- Recorded data

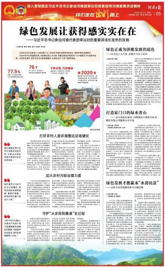 3月11日,《河南日?qǐng)?bào)》在5版兩會(huì)特刊“我們走在出彩路上”專欄中,以《綠色發(fā)展讓獲得感實(shí)實(shí)在在——習(xí)近平總書(shū)記參加河南代表團(tuán)審議時(shí)的重要講話引發(fā)熱烈反響》為題刊登了對(duì)全國(guó)人大代表、河南省濟(jì)源市市長(zhǎng)石迎軍的專訪內(nèi)容。
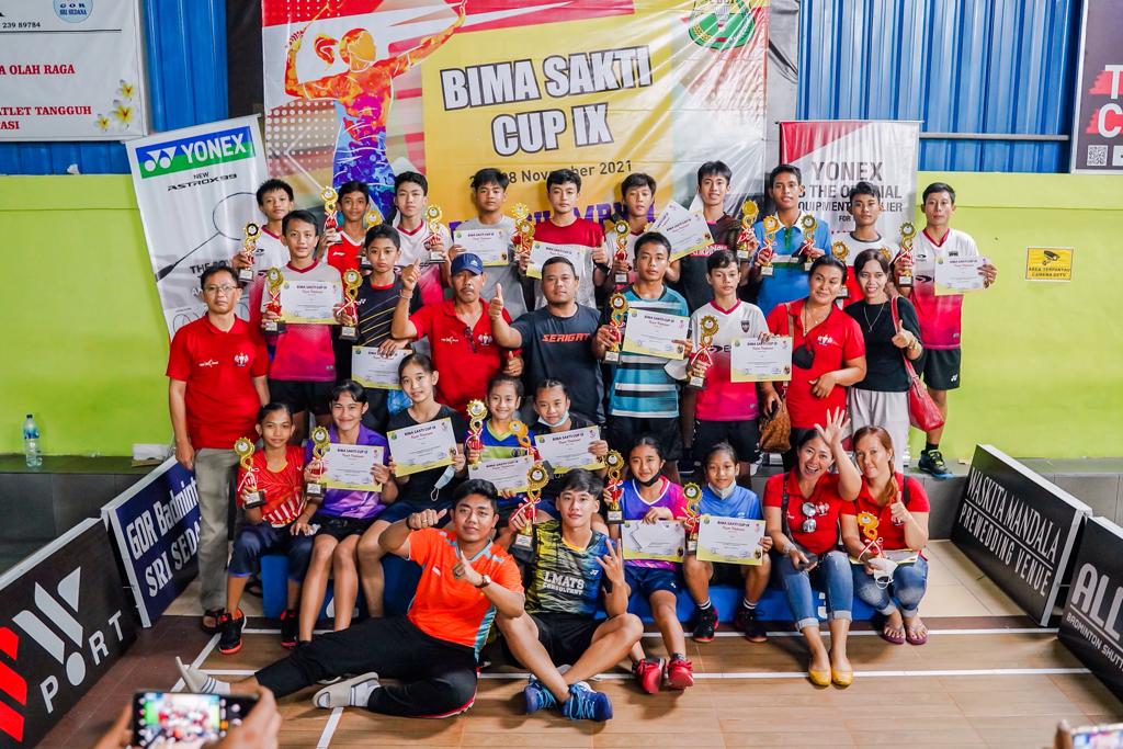 DENPASAR – Tim Bulutangkis Denpasar tampil sebagai juara umum pada ajang Turnamen Bulutangkis Kelompok Umur bertajuk ”Bima Sakti Cup IX” yang berlangsung mulai 24 sampai 28 November 2021, di GOR Sri Sedana, Abianbase Buduk, Kabupaten Badung.
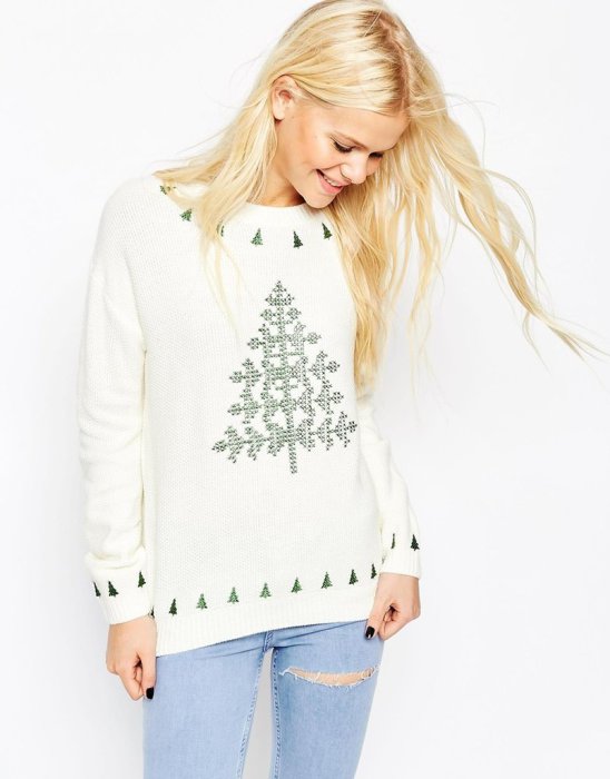Белый свитер "Embroidered Holidays Tree" с декором виде новогодних елочек от известного английского бренда "ASOS" не только согреет в морозы, но и обеспечит праздничное настроение.
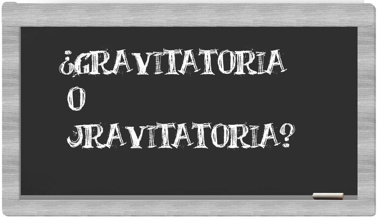 Cuando se presenta la disyuntiva entre gravitatoria y jravitatoria, no hay razón para la incertidumbre, puesto que únicamente gravitatoria es la opción que se encuentra validada en el Diccionario de la Real Academia de la Lengua, mientras que jravitatoria carece de reconocimiento oficial.
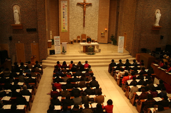 교구 사목국(국장=김광태 신부)은 11월 24일(월) 서신동 성당에서 성서 사도직 활성화를 위한 ‘말씀과 음악피정’을 실시했다. 성서주간을 맞아 열린 이날 피정은 각 본당에서 성서 백 주간, 사십 주간, 거룩한 독서 등, 성서 사도직 프로그램에 참여하는 신자들이 대거 참여했다. 강사는 정태현 신부(효자동 주임, 성서학 박사)와 정범수 신부(성음악 전공)가 각각 말씀과 음악피정을 지도했다. 정태현 신부는 ‘초대교회, 하느님 나라의 대안 공동체’를 주제로 강의했다. 정신부는 “말씀과 친교, 빵 나눔(성찬)과 기도가 살아있던 초대교회는 하느님 나라의 대안 공동체로써 그 역할을 다하였다”며 “혼돈의 시대를 살아가는 우리가 그리스도인의 정체성을 회복하려면 초대교회로 돌아가야 한다.”고 강조했다. 이날 정범수신부는 기타연주와 함께 찬미의 시간을 가졌다. 또한 미사전례에서 성가의 중요성에 대해 언급하였다. 정신부는 “성가의 의미를 생각하며 온 마음과 정성을 다해 노래하면 미사가 천국으로 바뀐다.”며 “찬미를 통해 하느님의 거룩하심을 드러내는 신앙인이 되자”고 말했다. 이날 파견미사는 이병호 주교와 교구 사제단이 공동 집전하였다. 미사에 앞서 한복으로 단장한 성서 형제회 회원들이 성경 봉헌식을 가졌다. 이병호 주교는 강론에서 “생명의 말씀을 굳게 지니고 빛의 자녀로써 기쁘게 복음의 삶을 살아갈 것”을 권고했다.
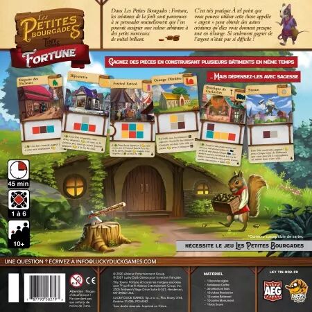 Réf. : JDPLDG056 Les petites bourgades : Fortune est une extension du jeu de construction Les petites Bourgades. Redécouvrez ce jeu coup de cœur avec l'ajout d'une nouvelle ressource bien utile mais rare, l'argent !
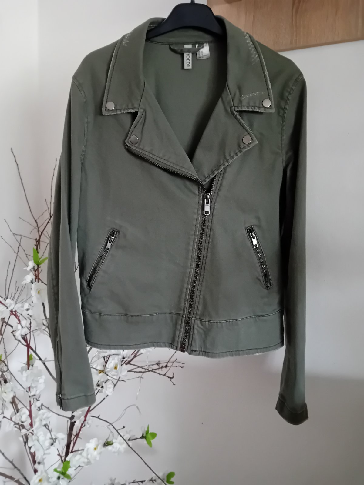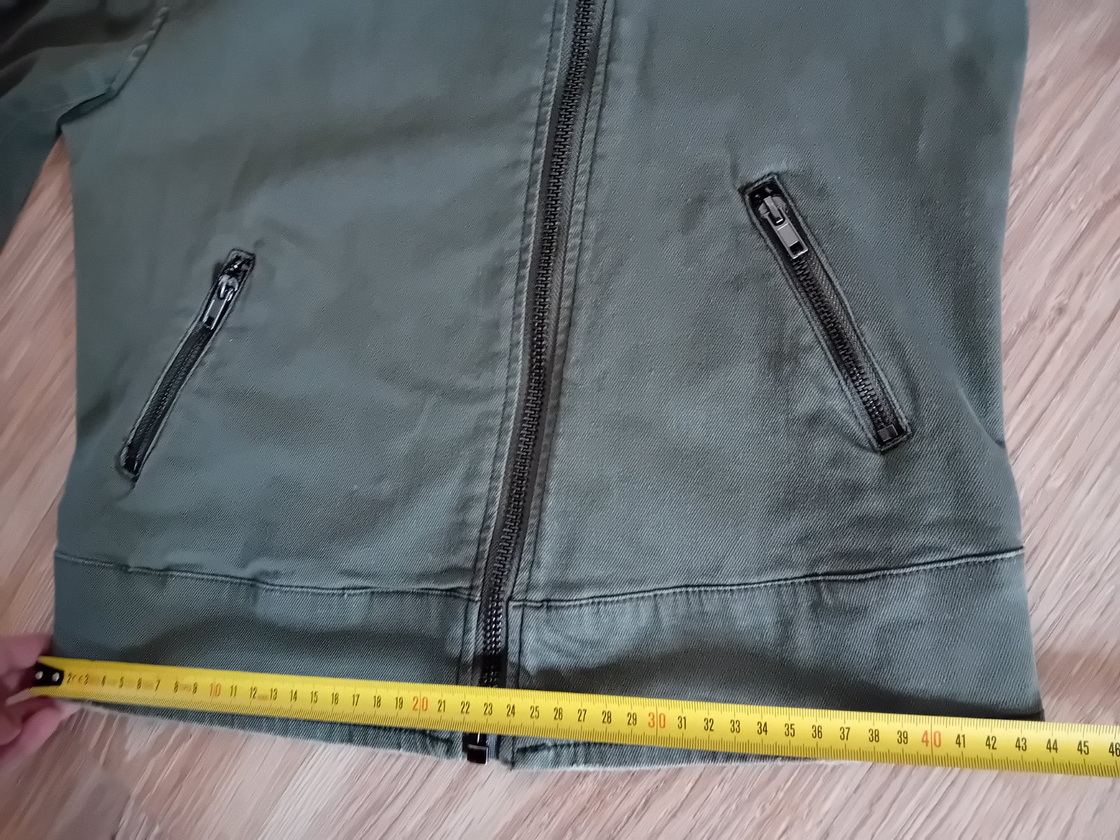 Bunda olivovej farby ako nová na miernejsiu zimu. P: 48 / D: 65/ R: 64 C.40
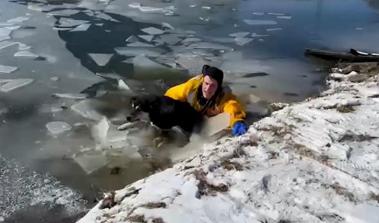 Espectacular rescate: Un perro es salvado de las aguas congeladas de un estanque de Missouri (+Video)

- Exercise instructions
Please transcribe every entry exactly as written, leaving the pictures out.

- Problem solution
 3月11日,《河南日?qǐng)?bào)》在5版兩會(huì)特刊“我們走在出彩路上”專欄中,以《綠色發(fā)展讓獲得感實(shí)實(shí)在在——習(xí)近平總書(shū)記參加河南代表團(tuán)審議時(shí)的重要講話引發(fā)熱烈反響》為題刊登了對(duì)全國(guó)人大代表、河南省濟(jì)源市市長(zhǎng)石迎軍的專訪內(nèi)容。
 DENPASAR – Tim Bulutangkis Denpasar tampil sebagai juara umum pada ajang Turnamen Bulutangkis Kelompok Umur bertajuk ”Bima Sakti Cup IX” yang berlangsung mulai 24 sampai 28 November 2021, di GOR Sri Sedana, Abianbase Buduk, Kabupaten Badung.
Белый свитер "Embroidered Holidays Tree" с декором виде новогодних елочек от известного английского бренда "ASOS" не только согреет в морозы, но и обеспечит праздничное настроение.
 Cuando se presenta la disyuntiva entre gravitatoria y jravitatoria, no hay razón para la incertidumbre, puesto que únicamente gravitatoria es la opción que se encuentra validada en el Diccionario de la Real Academia de la Lengua, mientras que jravitatoria carece de reconocimiento oficial.
 교구 사목국(국장=김광태 신부)은 11월 24일(월) 서신동 성당에서 성서 사도직 활성화를 위한 ‘말씀과 음악피정’을 실시했다. 성서주간을 맞아 열린 이날 피정은 각 본당에서 성서 백 주간, 사십 주간, 거룩한 독서 등, 성서 사도직 프로그램에 참여하는 신자들이 대거 참여했다. 강사는 정태현 신부(효자동 주임, 성서학 박사)와 정범수 신부(성음악 전공)가 각각 말씀과 음악피정을 지도했다. 정태현 신부는 ‘초대교회, 하느님 나라의 대안 공동체’를 주제로 강의했다. 정신부는 “말씀과 친교, 빵 나눔(성찬)과 기도가 살아있던 초대교회는 하느님 나라의 대안 공동체로써 그 역할을 다하였다”며 “혼돈의 시대를 살아가는 우리가 그리스도인의 정체성을 회복하려면 초대교회로 돌아가야 한다.”고 강조했다. 이날 정범수신부는 기타연주와 함께 찬미의 시간을 가졌다. 또한 미사전례에서 성가의 중요성에 대해 언급하였다. 정신부는 “성가의 의미를 생각하며 온 마음과 정성을 다해 노래하면 미사가 천국으로 바뀐다.”며 “찬미를 통해 하느님의 거룩하심을 드러내는 신앙인이 되자”고 말했다. 이날 파견미사는 이병호 주교와 교구 사제단이 공동 집전하였다. 미사에 앞서 한복으로 단장한 성서 형제회 회원들이 성경 봉헌식을 가졌다. 이병호 주교는 강론에서 “생명의 말씀을 굳게 지니고 빛의 자녀로써 기쁘게 복음의 삶을 살아갈 것”을 권고했다.
 Réf. : JDPLDG056 Les petites bourgades : Fortune est une extension du jeu de construction Les petites Bourgades. Redécouvrez ce jeu coup de cœur avec l'ajout d'une nouvelle ressource bien utile mais rare, l'argent !
 Bunda olivovej farby ako nová na miernejsiu zimu. P: 48 / D: 65/ R: 64 C.40
 Espectacular rescate: Un perro es salvado de las aguas congeladas de un estanque de Missouri (+Video)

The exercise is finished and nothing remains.